Я ответно помахал рукой, но подходить и принимать участие в споре не стал.

Все мы в каком-то смысле… а я за эти дни навидался всякого, и ни о чем не мог с уверенностью сказать: "Быть не может!"

…у распадка, где из обломков колесниц громоздился чуть ли не крепостной вал, угрюмо бродил истощенный сур в одеждах шафранового цвета. Сома-Месяц раньше почти никуда не являлся лично, но сегодня изменил правилу. Узкое лицо Сомы было непроницаемым: видно, привык смотреть ночами на затихшую Курукшетру, которая в минуты перемирья мало чем отличалась от сегодняшнего зрелища.

О чем он думал в тот момент?

Не о том ли, что еще две-три таких Великих Битвы – и ему придется веками взирать на обезлюдевший Второй мир?!

О поле, поле, чтоб тебя…


"Принадлежит мародерам, – неожиданно вспомнил я. – Поле боя после сражения принадлежит мародерам."

Вся Свастика была в сборе.

Здесь и сейчас.

И любой из Миродержцев чувствовал: нарыв, опухоль в ауре Трехмирья, никуда не делся.

Просто стал меньше и стократ плотнее; стоило лишь вслушаться, дать Жару вольно пройти через себя, и сразу становилось ясным – нарыв рядом.

На северо-востоке.

Близ места, где давным-давно стоял ашрам знаменитого Рамы-с-Топором.

Наверное, там располагался лагерь победителей.


3

Странное ощущение посетило меня. Будто тоненькие паутинки исподволь вросли в мои ступни, соединив Индру с Полем Куру. Я замедлил шаги, а неугомонная паутина сразу воспользовалась этим: дрожь пронизала колени, брызгами устремилась к бедрам… в паху закололо, а живот заледенел скользкой глыбой.

Что за бред?!

Я остановился.

Голова вдруг стала пустой и легкой, смрад отступил, сменившись острым запахом пота, лошадиного и человеческого; и уши резануло близким посвистом.

Я помотал головой, и наваждение исчезло.

Чтобы вернуться вновь.

Только на сей раз добавились отдаленные вопли, рев боевых раковин, и земля под ногами качнулась колесничной площадкой.

Шаг.

Наваждение ослабевает, но не исчезает.

Шаг… другой… тепло… теплее… горячо…

Жарко!


…проклятые чедийцы! Облепили саранчой, пешей саранчой с усиками-дротиками и стегаными плащами вместо крыльев; мечутся, вопят, кидаются под копыта… Лук поет в руках, и некогда менять иссеченный нарукавник из воловьей кожи. Колесница подпрыгивает, когда колесо переезжает еще живого ублюдка с отсеченной ногой, и пущеная мной стрела лишь жалко взвизгивает, бороздя эмаль щегольского панциря… жаль! Он уходит, уходит с позором, но живой; так я обещал своей матери-суке, но я не обещал, что дам ему уйти, прежде чем получу полное удовольствие.

Гони, возница!

Или нет: прыгай в "гнездо", а я сам возьмусь за поводья!

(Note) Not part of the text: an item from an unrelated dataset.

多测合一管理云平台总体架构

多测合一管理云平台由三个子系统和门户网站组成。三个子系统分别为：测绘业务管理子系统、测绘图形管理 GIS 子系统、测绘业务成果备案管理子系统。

Бич?.. мне?.. зачем мне бич?!

Сутин Сын выходит на финишную прямую… ах, славно!

Вот он, беглец, вот он уже рядом, виляет заячьей скидкой, взмок от смертного пота, и чедийцы разбегаются из-под колес, хрипя свою тарабарщину! Я перехватываю поводья в одну руку и бью его ненатянутым луком, по плечам, по спине, по загривку, бью на глазах у всех, хлещу, гоню, как гонят скотину на пастбище; я – пастырь надменных полубожков, и красная пелена в глазах…

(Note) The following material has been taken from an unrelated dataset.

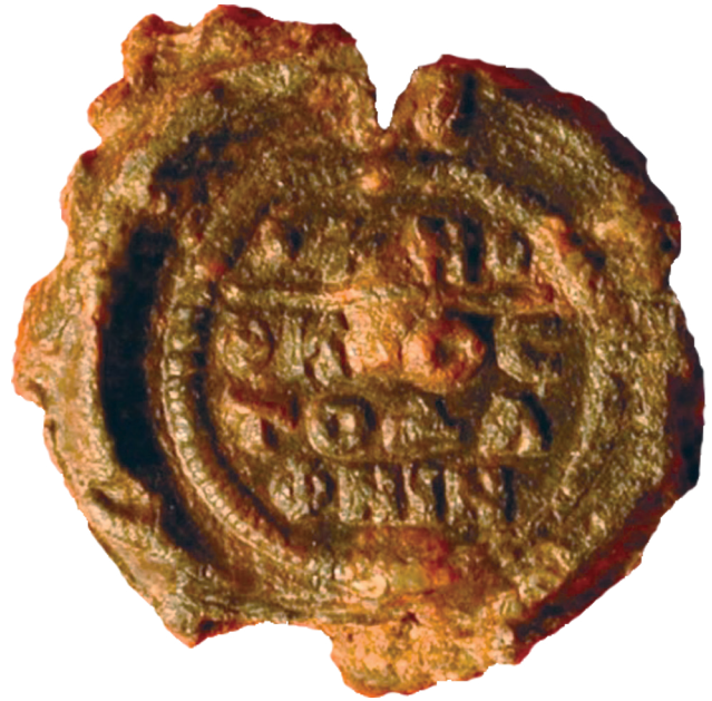
Εικ. 23. Παρίσι, Bibliothèque nationale de Paris , BNF 1723b. Μολυβδόβουλλο εγγράφων της Μονής Δαφνίου. Οπισθότυπος: + Η Θεοτόκος το Δαφνίν.

τη μονή Δαφνίου 166 . Στον εμπροσθότυπο εικονίζεται η Παναγία Επίσκεψις , όμοια πολύ κατά τον τύπο με την παράσταση που κοσμεί τα μολυβδόβουλλα του Γρηγορίου 167 , αν και πρόκειται για πολύ κοινό τύπο απεικόνισης της Παναγίας σε μολυβδόβουλλα αυτήν την εποχή. Οι μικρές διαστάσεις, σε συνδυασμό με την ύπαρξη αύλακας, δείχνουν πιθανόν ότι πρόκειται για σφραγίδια που χρησιμοποιούσε η μονή σε έγγραφα για τη διαχείριση των υποθέσεών της. Είναι αξιοσημείωτο, μάλιστα, για τις διασυνδέσεις της Μονής και ίσως του κτήτορά της, ότι ένα σφραγίδιο από τα έξι δημοσιευμένα παραδείγματα, που, όπως έχει υποστηριχθεί,

Я задохнулся, когда тишина мягкими ладонями ударила меня по ушам.

Но паутина уже обволокла все тело изнутри, вкрадчивыми усиками зацепилась за все, до чего сумела дотянуться, и ноги окончательно перестали слушаться Индру, Локапалу Востока. Они двигались сами, эти упрямые ноги, они искали тот единственный участок Курукшетры, где им будет позволено остановиться!

Позади о чем-то спрашивает Словоблуд, но мне не до него.

Уймись, Наставник!

Сейчас я – охотничий пес, взявший след.

Что?!.. я, Владыка – пес?!

Шаг.

Тепло… теплее…


…умирает! Они рвут его на части, моего сына, моего Вришасену, Быка-Воителя, а я ничего не могу сделать! Стрела не хочет выдергиваться из плеча, зазубренное жало грозит порвать мышцы, и я ломаю ее, чтобы оперенье не мельтешило перед лицом, сбивая прицел. Боль молчит, испуганно забившись в самый дальний угол сознания; боли нет, ничего нет, только гнев и бессильная липкая ненависть, от которой хочется выть на все поле.

Мальчик мой!.. я иду, я сейчас, держись, подожди немного… я уже…

И когда Обезьянознаменный хохочет, схватив моего истерзанного сына за волосы и издалека показывая мне кривой нож – я не выдерживаю. Губы движутся сами, рождая слова без посредников, без разума-советчика и сердца-подстрекателя, вопреки запретам, попранным нашими противниками с самого начала битвы. Этого нельзя делать, но и не делать этого нельзя; губы трескаются от страшных слов, кровь солона, она щекочет небо, и небосвод послушно взрывается стальными осколками, которые секут, рубят, расшвыривают живую грязь передо мной – мальчик мой!.. я уже…


Шаг.

Я даже не заметил, что бегу.

Судороги вяжут из тела замысловатые узлы, ноги подкашиваются, сознание захлестывает пенный прибой, где поровну недоумения и настойчивой потребности отыскать, найти, встать на единственном месте Курукшетры, где я…

Где я – что?!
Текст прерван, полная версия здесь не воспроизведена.